## Data extracted from a collection
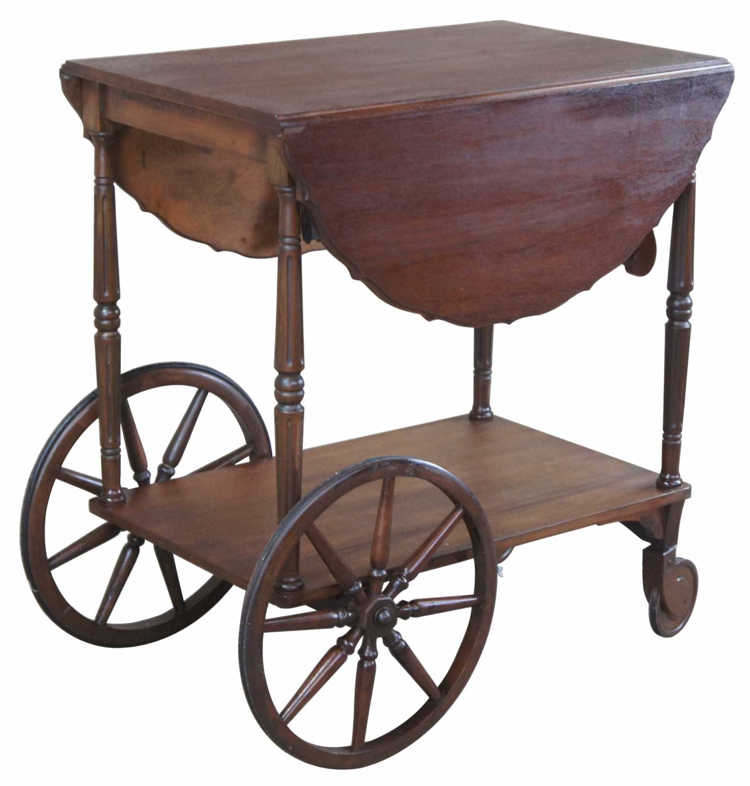 Circa 1970s Hammary tea wagon or cart #22229. Features French Louis XV / Provincial styling with scalloped top, drop leaves and large wheels and castors.
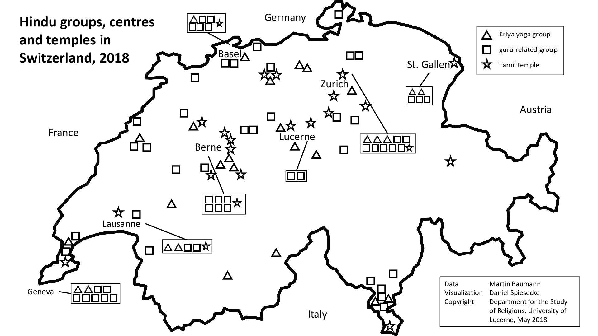 Hindu-Gruppen und -Zentren in der Schweiz (2018)
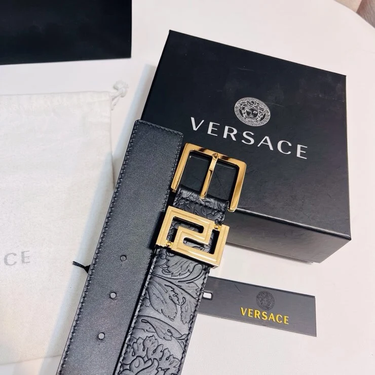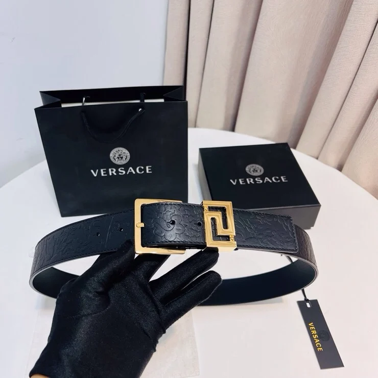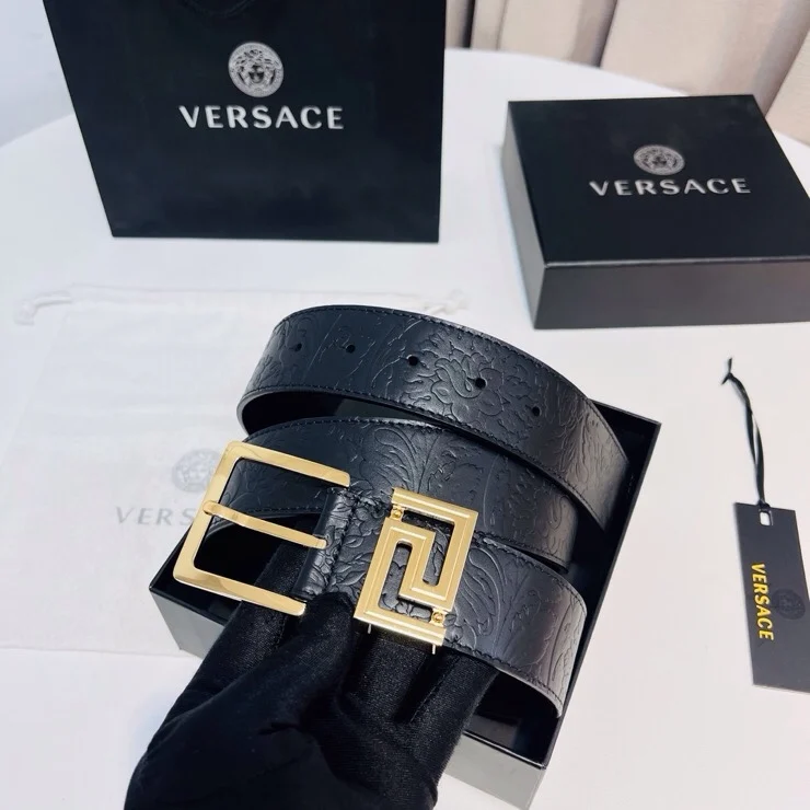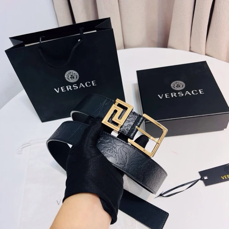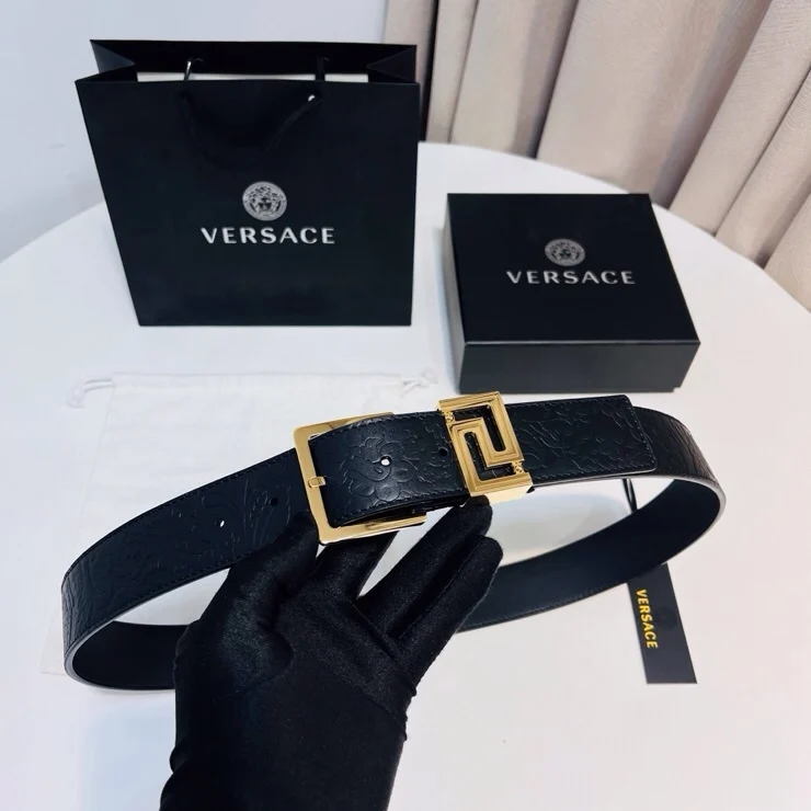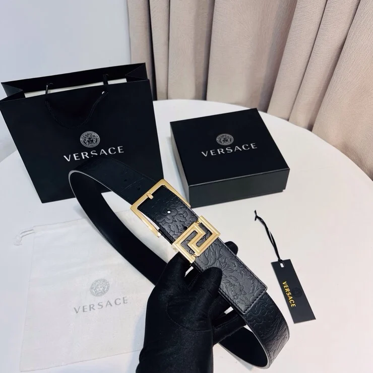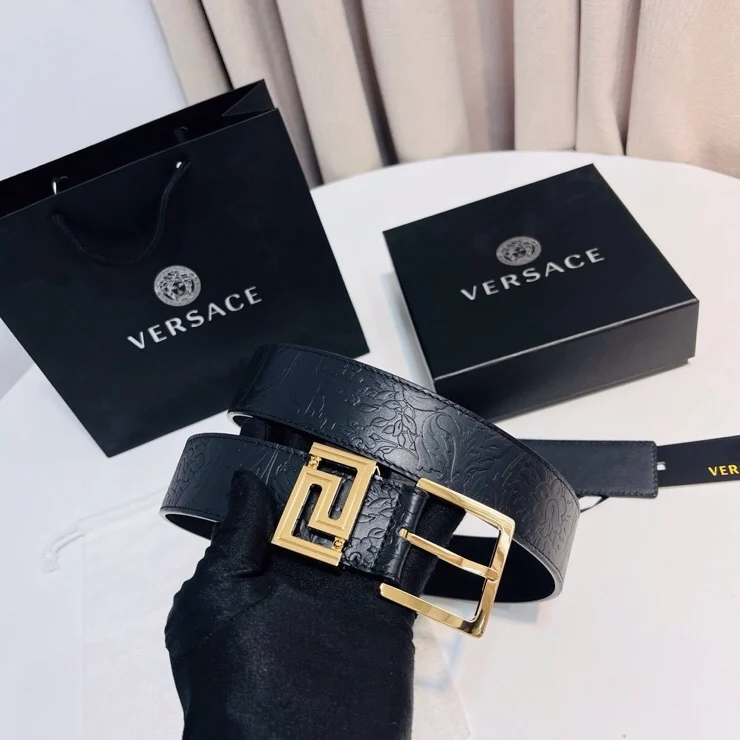 Versace new top layer cowhide belt, adorned with Greca Goddess belt buckle, 4.0cm.
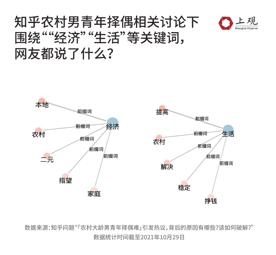许多网友认为,农村男青年的择偶困境本质上仍是发展的问题。当大家提到“生活”,被高频提及的前缀词包括“提高”、“农村”、“解决”、“挣钱”等。提到“经济”,“本地”、“农村”、“二元”等词也是被频繁说到的关键词。
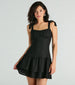 The sweetest eyelet mini dress for shower celebrations. graduations. or brunch! It boasts flirty tie shoulder straps. a flattering bodycon silhouette. and a ruffled hem for cute flair.
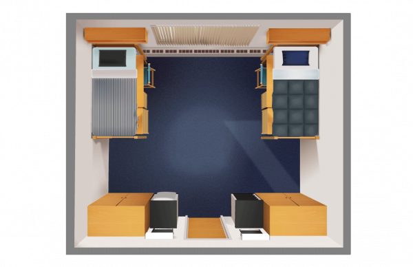 - Desk with chair, storage drawer (15” x 8”), and lower storage unit (16” x 16”)
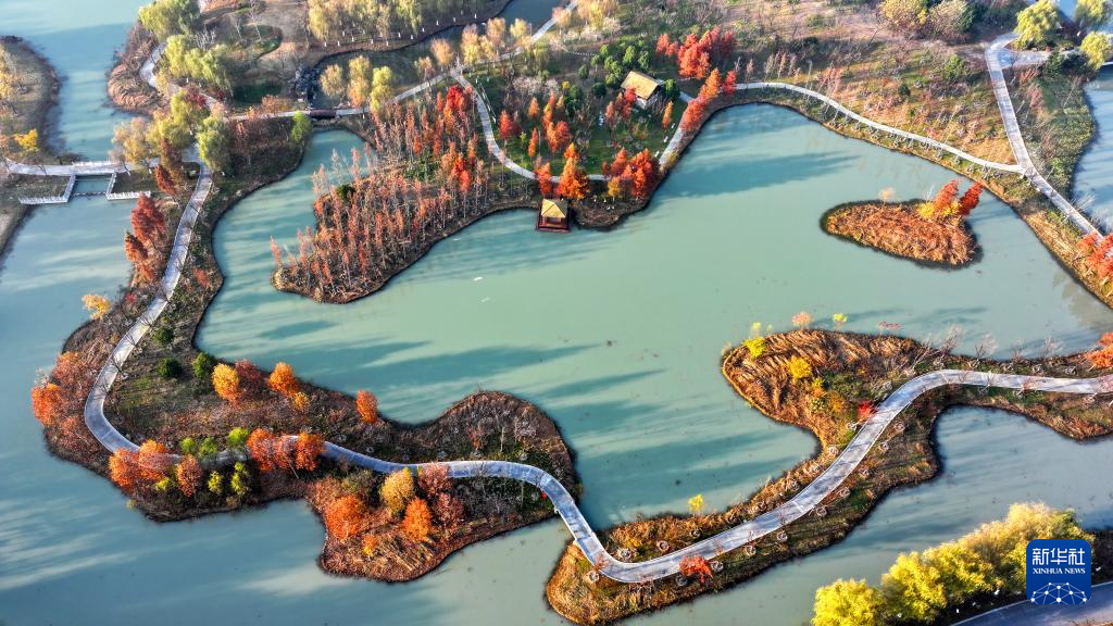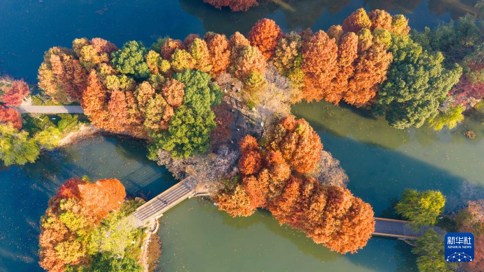 12月7日拍摄的江苏省昆山市景枫公园冬景(无人机照片)。
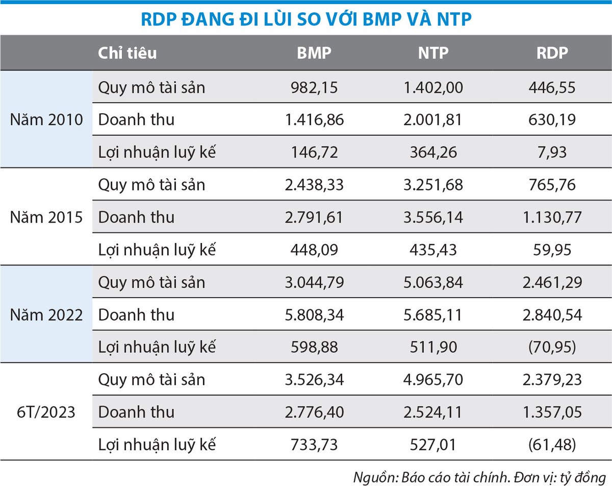 Kể từ năm 2016 tới nay, hoạt động kinh doanh của doanh nghiệp không có nhiều điểm sáng. Vì vậy, khoảng cách với các đối thủ cùng ngành như Nhựa Bình Minh, Nhựa Thiếu niên Tiền Phong ngày càng xa, từ quy mô tài sản cho tới hiệu quả kinh doanh. Tại thời điểm 30/6/2023, Nhựa Bình Minh (mã BMP) đang có lợi nhuận luỹ kế 733,73 tỷ đồng; Nhựa Thiếu niên Tiền Phong (mã NTP) đang ghi nhận lợi nhuận luỹ kế 527,01 tỷ đồng. Còn Rạng Đông Holding đang ghi nhận lỗ luỹ kế 61,48 tỷ đồng.
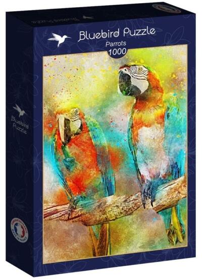 A francia Bluebird vállalat 2019-ben lépett piacra kiváló minőségű kirakóival, megfizethető áron. Fontos szempont számukra a környezettudatosság is, ezért kirakóik dobozait úgy tervezték, hogy minimális mennyiségű kartont használjanak fel a gyártás során. A Bluebird 1000 db-os puzzle - Parrots című képén a feltűnő szépségű papagájfaj, az arapapagáj képviselői,
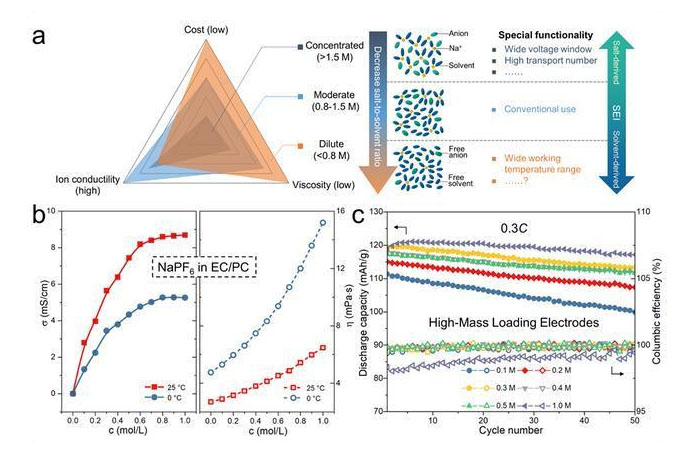 電解液是儲能電池不可或缺的重要組成部分,而調(diào)控電解液濃度是實現(xiàn)其功能化設(shè)計的有效策略之一。近年來,高鹽濃度電解液因其特殊的體相與界面特性被廣泛用于金屬鋰電池、水系電池等(本課題組曾于2013年首次提出“Solvent-in-Salt”電解液用于金屬鋰電池,Nature Communications2013, 4, 1481,引用1224次)。但與此相反,降低鹽濃度可能會帶來濃差極化,所以目前實際鋰電池應用大多集中于標準的1 M濃度,從而使得低鹽濃度電解液一直沒有得到系統(tǒng)的研究。鈉離子的Stokes半徑和脫溶劑化能均比鋰離子的要低,因此理論上采用較低的鈉鹽濃度也可實現(xiàn)足夠的動力學性能,從而使得超低鹽濃度電解液應用于鈉離子電池成為可能。考慮到鹽的成本通常是溶劑的十倍以上,減少鈉鹽使用可以有效降低鈉離子電池的成本,從而有利于鈉離子電池在儲能領(lǐng)域的大規(guī)模應用。
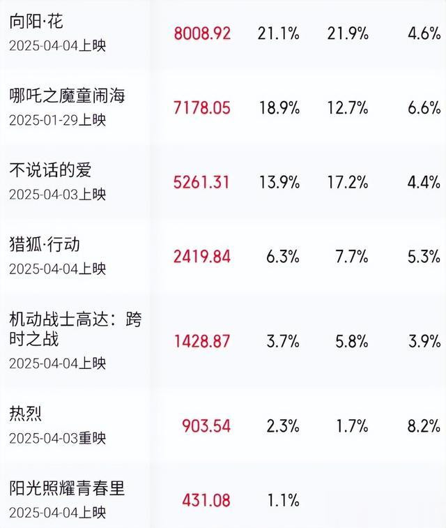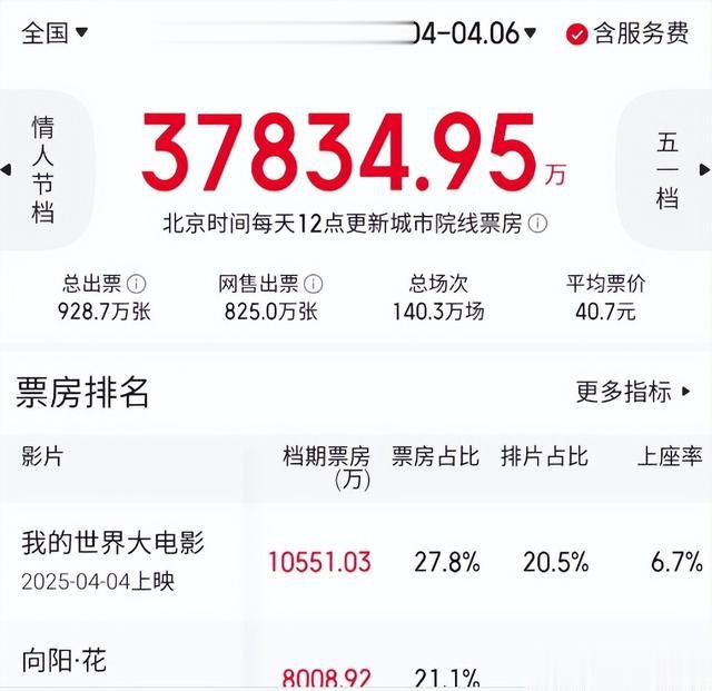 回顾一下清明档,上映的16部新片中,聚焦聋人、刑释人员等弱势群体的现实题材影片虽占主流,却因题材沉重、宣发乏力,票房普遍惨淡,清明档以3.78亿票房刷新历史新低,单日票房一度不如商场奢侈品店营业额。例如《阳光照耀青春里》三天仅收431万,排片效益(B值)低至0.2,场次严重过剩。与此同时,进口片《我的世界大电影》以低幼化剧情和游戏IP效应收割1.05亿票房,成为档期唯一破亿影片,但其豆瓣评分仅5.8,口碑与票房倒挂现象凸显。而被观众看好的《向阳花》与《不说话的爱》也没能凭借演员的名声实现逆袭。
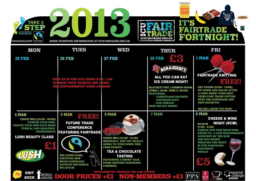 Last year many of you may remember the ambitious plans to hold an event on every single day for the whole two weeks. Through the gruelling efforts of a committed team, Fairtrade fortnight 2012 was an incredible success and will stick in the memories of everyone involved. This year however, we take a different tack: focusing specifically on quality rather than quantity, learning through our past experiences of what works (see www.icufairtrade.org.uk/private/wiki) and adding some new variations. We are also spreading efforts wider that before by collaborating with as many other societies as possible to get everybody involved. With all of our efforts, we hope to pull off the best Fairtrade fortnight yet!

## PROBLEM
What is needed is an exact copy of the entries, without any images.

## WORKED SOLUTION
 Circa 1970s Hammary tea wagon or cart #22229. Features French Louis XV / Provincial styling with scalloped top, drop leaves and large wheels and castors.
 Hindu-Gruppen und -Zentren in der Schweiz (2018)
 Versace new top layer cowhide belt, adorned with Greca Goddess belt buckle, 4.0cm.
许多网友认为,农村男青年的择偶困境本质上仍是发展的问题。当大家提到“生活”,被高频提及的前缀词包括“提高”、“农村”、“解决”、“挣钱”等。提到“经济”,“本地”、“农村”、“二元”等词也是被频繁说到的关键词。
 The sweetest eyelet mini dress for shower celebrations. graduations. or brunch! It boasts flirty tie shoulder straps. a flattering bodycon silhouette. and a ruffled hem for cute flair.
 - Desk with chair, storage drawer (15” x 8”), and lower storage unit (16” x 16”)
 12月7日拍摄的江苏省昆山市景枫公园冬景(无人机照片)。
 Kể từ năm 2016 tới nay, hoạt động kinh doanh của doanh nghiệp không có nhiều điểm sáng. Vì vậy, khoảng cách với các đối thủ cùng ngành như Nhựa Bình Minh, Nhựa Thiếu niên Tiền Phong ngày càng xa, từ quy mô tài sản cho tới hiệu quả kinh doanh. Tại thời điểm 30/6/2023, Nhựa Bình Minh (mã BMP) đang có lợi nhuận luỹ kế 733,73 tỷ đồng; Nhựa Thiếu niên Tiền Phong (mã NTP) đang ghi nhận lợi nhuận luỹ kế 527,01 tỷ đồng. Còn Rạng Đông Holding đang ghi nhận lỗ luỹ kế 61,48 tỷ đồng.
 A francia Bluebird vállalat 2019-ben lépett piacra kiváló minőségű kirakóival, megfizethető áron. Fontos szempont számukra a környezettudatosság is, ezért kirakóik dobozait úgy tervezték, hogy minimális mennyiségű kartont használjanak fel a gyártás során. A Bluebird 1000 db-os puzzle - Parrots című képén a feltűnő szépségű papagájfaj, az arapapagáj képviselői,
 電解液是儲能電池不可或缺的重要組成部分,而調(diào)控電解液濃度是實現(xiàn)其功能化設(shè)計的有效策略之一。近年來,高鹽濃度電解液因其特殊的體相與界面特性被廣泛用于金屬鋰電池、水系電池等(本課題組曾于2013年首次提出“Solvent-in-Salt”電解液用于金屬鋰電池,Nature Communications2013, 4, 1481,引用1224次)。但與此相反,降低鹽濃度可能會帶來濃差極化,所以目前實際鋰電池應用大多集中于標準的1 M濃度,從而使得低鹽濃度電解液一直沒有得到系統(tǒng)的研究。鈉離子的Stokes半徑和脫溶劑化能均比鋰離子的要低,因此理論上采用較低的鈉鹽濃度也可實現(xiàn)足夠的動力學性能,從而使得超低鹽濃度電解液應用于鈉離子電池成為可能。考慮到鹽的成本通常是溶劑的十倍以上,減少鈉鹽使用可以有效降低鈉離子電池的成本,從而有利于鈉離子電池在儲能領(lǐng)域的大規(guī)模應用。
 回顾一下清明档,上映的16部新片中,聚焦聋人、刑释人员等弱势群体的现实题材影片虽占主流,却因题材沉重、宣发乏力,票房普遍惨淡,清明档以3.78亿票房刷新历史新低,单日票房一度不如商场奢侈品店营业额。例如《阳光照耀青春里》三天仅收431万,排片效益(B值)低至0.2,场次严重过剩。与此同时,进口片《我的世界大电影》以低幼化剧情和游戏IP效应收割1.05亿票房,成为档期唯一破亿影片,但其豆瓣评分仅5.8,口碑与票房倒挂现象凸显。而被观众看好的《向阳花》与《不说话的爱》也没能凭借演员的名声实现逆袭。
 Last year many of you may remember the ambitious plans to hold an event on every single day for the whole two weeks. Through the gruelling efforts of a committed team, Fairtrade fortnight 2012 was an incredible success and will stick in the memories of everyone involved. This year however, we take a different tack: focusing specifically on quality rather than quantity, learning through our past experiences of what works (see www.icufairtrade.org.uk/private/wiki) and adding some new variations. We are also spreading efforts wider that before by collaborating with as many other societies as possible to get everybody involved. With all of our efforts, we hope to pull off the best Fairtrade fortnight yet!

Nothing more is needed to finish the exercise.